Il n’est pas possible d’entrer ici dans tous le détail de ces travaux et de leur résultats. On va insister sur un certain nombre d’entre eux, qui sont vraiment le résultat de cette analyse des concepteurs en situation : Tout d’abord cela a permis de voir que la stratégie intégrée a du mal à émerger en pratique. Or ce résultat n’était pas nécessairement prévisible dans une vision OSMO, rationalisante et mathématisée, dans laquelle on se doit de penser que la stratégie intégrée est nécessairement la meilleure. En effet elle permet de faire une optimisation globale, et non une optimisation partie par partie, moins « sûre », puisque l’optimum du système n’est pas égal à l’optimum des parties prises isolément.Or ce raisonnement purement mathématique ne permet d’expliquer ce qu’on observe en réalité. C’est le cadre SCCO, qui nous permet d’avancer des hypothèses quant à l’explication de ce résultat:

-On peut évoquer le coût de l’activité de synchronisation cognitive identifié au niveau microscopique : pour arriver à construire le modèle commun, ou un cahier des charges commun, les concepteurs doivent construire un espace de connaissances commun. Ceci a un coût dont il faut tenir compte, et qu’il faut certainement contribuer à réduire si on veut favoriser l’émergence de la stratégie intégrée.

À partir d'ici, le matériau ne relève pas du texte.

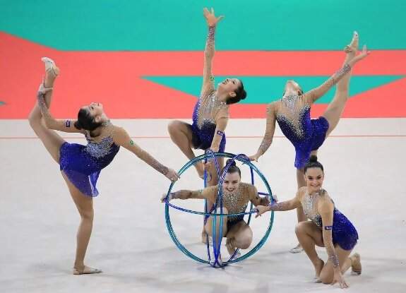 Na sexta, o Brasil praticamente cravou a série de cinco arcos e tirou 33,550 pontos ao som de “Fantasy on Ice”, figurando na terceira posição ao fim da primeira rotação. No entanto, na série mista (três fitas e duas bolas), as brasileiras cometeram algumas imprecisões, ficando com 27,150 pontos com a trilha sonora de “Smile”, de Charles Chaplin. Somando 60,700 pontos, o Brasil ficou na quinta posição do geral, atrás da campeã Bulgária (66,600), de Israel (64,650), da Espanha (63,200) e da Itália (62,050).
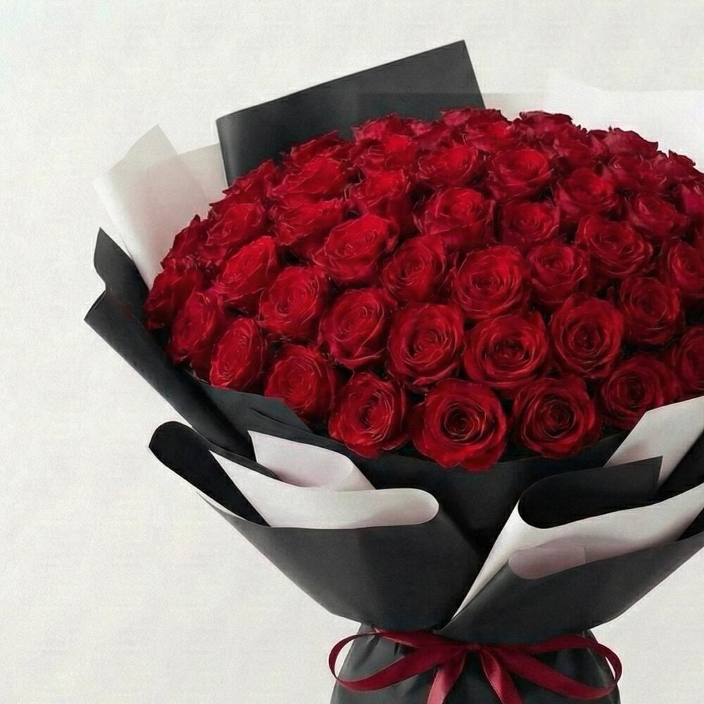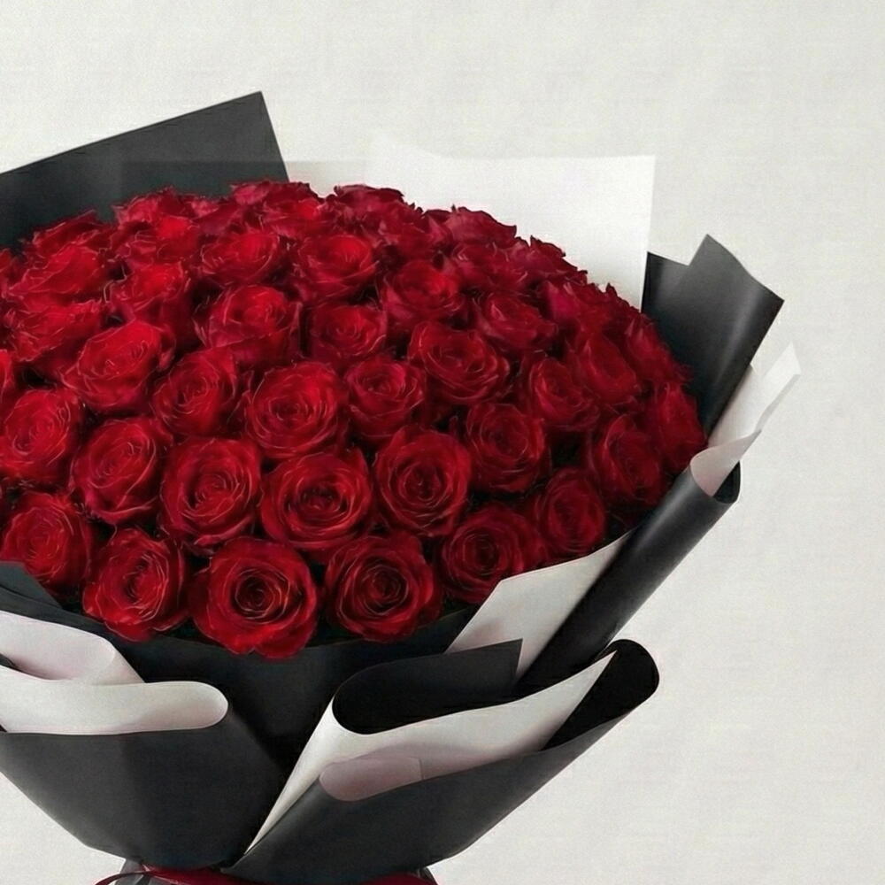 51 красная роза в черно-белой упаковке Описание Смелый контраст страсти и элегантности — 51 красная роза премиум-класса в эффектной черно-белой упаковке. Этот букет сочетает в себе вневременную романтику и современный минимализм, делая его незабываемым с первого взгляда. Идеально подходит для: • Дня святого Валентина ❤️ • Предложений руки и сердца на годовщину • Роскошных подарков • Когда вы хотите сказать «только ты» без лишних слов Примечания к стилю • Количество роз: 51 свежая красная роза • Упаковка: Черно-белая бумага премиум-класса • Атмосфера: Элегантная • Современная • Впечатляющая • Отделка: Аккуратные складки с изящной лентой

- Les observations nous ont aussi amené à penser que la stratégie intégrée a trop peu émergé par manque d’organisation . Ceci montre la nécessité d’une réflexion sur l’organisation autour des méthodes et outils, en attribuant notamment des rôles aux différents concepteurs.

- …

En tout cas ces réflexions, avec d’autres, nous ont par la suite aidé à spécifier, dans la thèse de I. Ammar, les méthodes et les organisations, à mettre autour d’un outil expérimental appelé COSTO (Collaborative Specification Tool) pour favoriser un dimensionnement collaboratif plus efficace.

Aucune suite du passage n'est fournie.